Trump’s EPA Plans to Kill Rule Critical to Fighting Climate Change
EPA administrator Lee Zeldin is about to hand Big Oil its biggest win yet.

The Trump administration reportedly plans to eliminate an Environmental Protection Agency rule that’s crucial to the federal government’s ability to combat climate change.
According to The New York Times, EPA Administrator Lee Zeldin is anticipated to officially do away with the agency’s “endangerment finding” in the coming days. The landmark 2009 rule scientifically establishes greenhouse gases as hazards to public health and welfare, and serves as the backbone of the agency’s ability to regulate such gases under the Clean Air Act.
The news of Zeldin’s plan comes on the very same day the United Nations’ top court ruled that countries have a “duty” to limit greenhouse gas emissions.
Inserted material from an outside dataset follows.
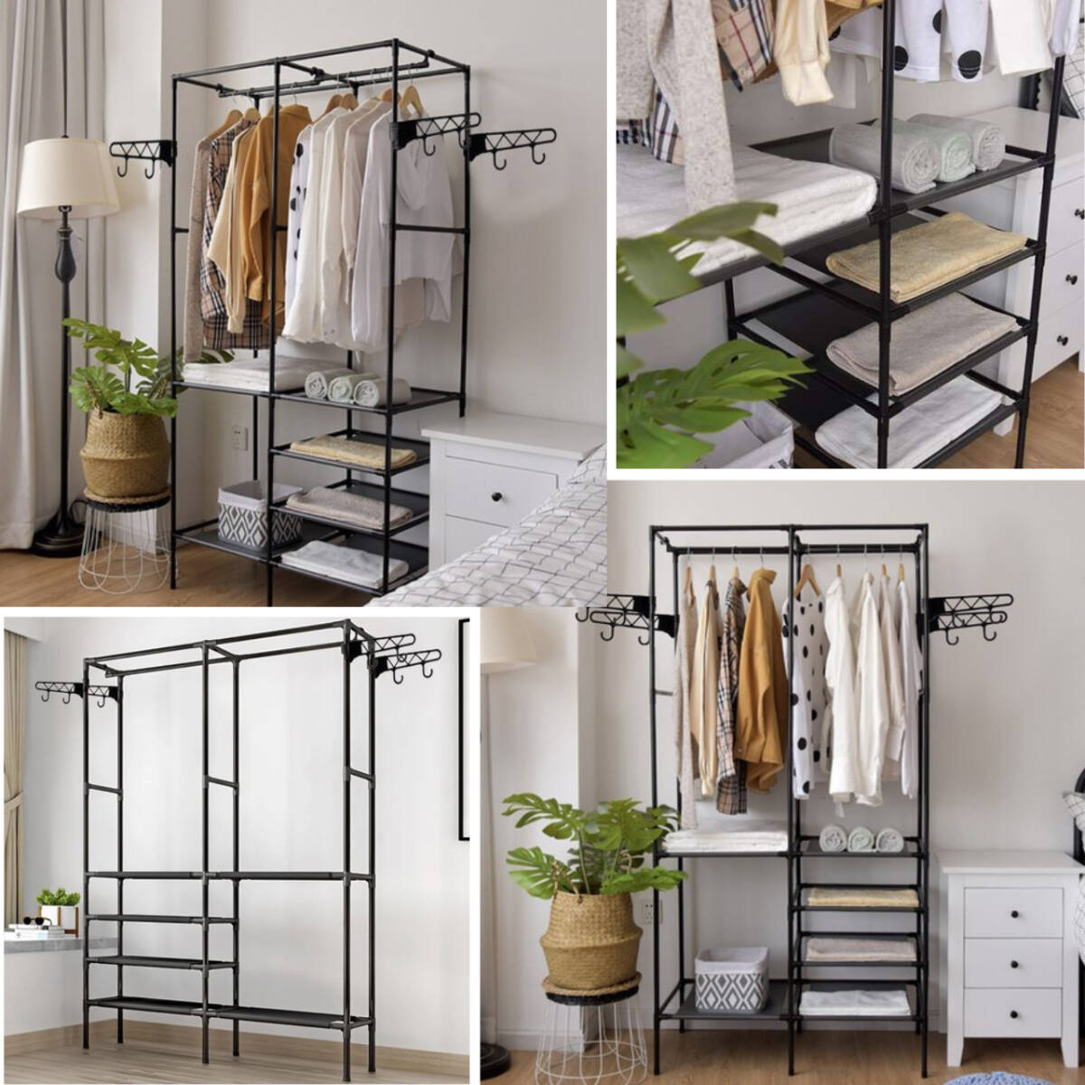 - ТЕХНІЧНІ ХАРАКТЕРИСТИКИ - колір: чорний; матеріал: пластик + метал; кількість полиць: 6; кількість підвісних штанг: 2; кількість бічних вішалок 8; максимальне навантаження: вішалки: 20 кг, полиці: 40 кг; розміри: 173 х 36 х 108 см; вага: 4,5 кг; вага в упаковування: 4,9 кг.

Those that fail to take steps to protect the planet from climate change, the International Court of Justice said, may run afoul of international law.
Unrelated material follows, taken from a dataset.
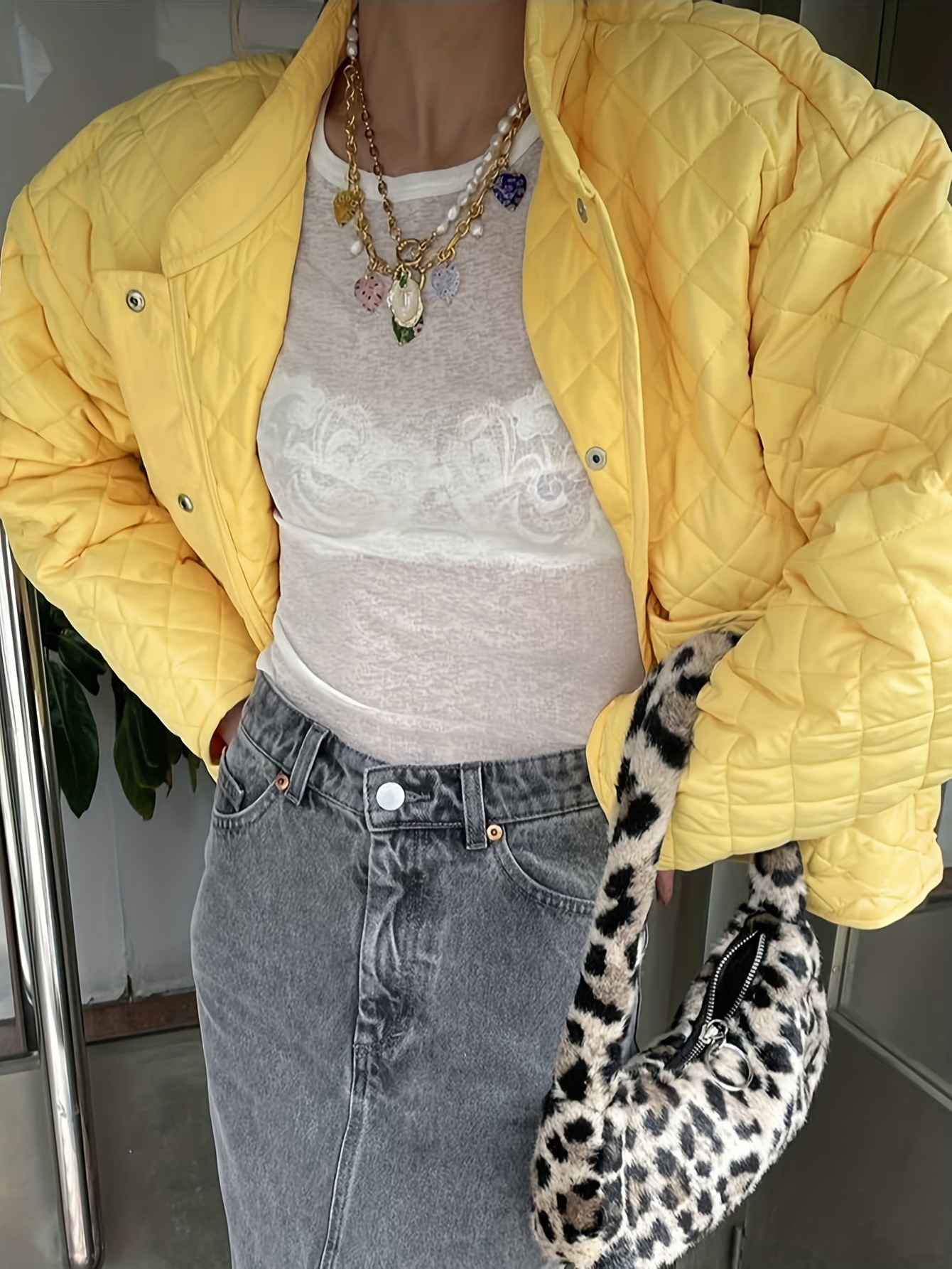 NS702 Women’s Autumn-Winter Solid Color Quilted Padded Coat

Zeldin in March announced that the EPA was reconsidering the endangerment finding as part of a broader effort to drive “a dagger straight into the heart of the climate change religion.”
The planned move shows Trump’s EPA acting in accordance with the president’s long-standing conviction that climate change is a hoax. His administration’s second term priorities have included—among other iniquities—increasing American reliance on fossil fuels, gutting climate research, passing the “most anti-environment bill in history,” per Sierra Club, and once again withdrawing from the Paris Agreement.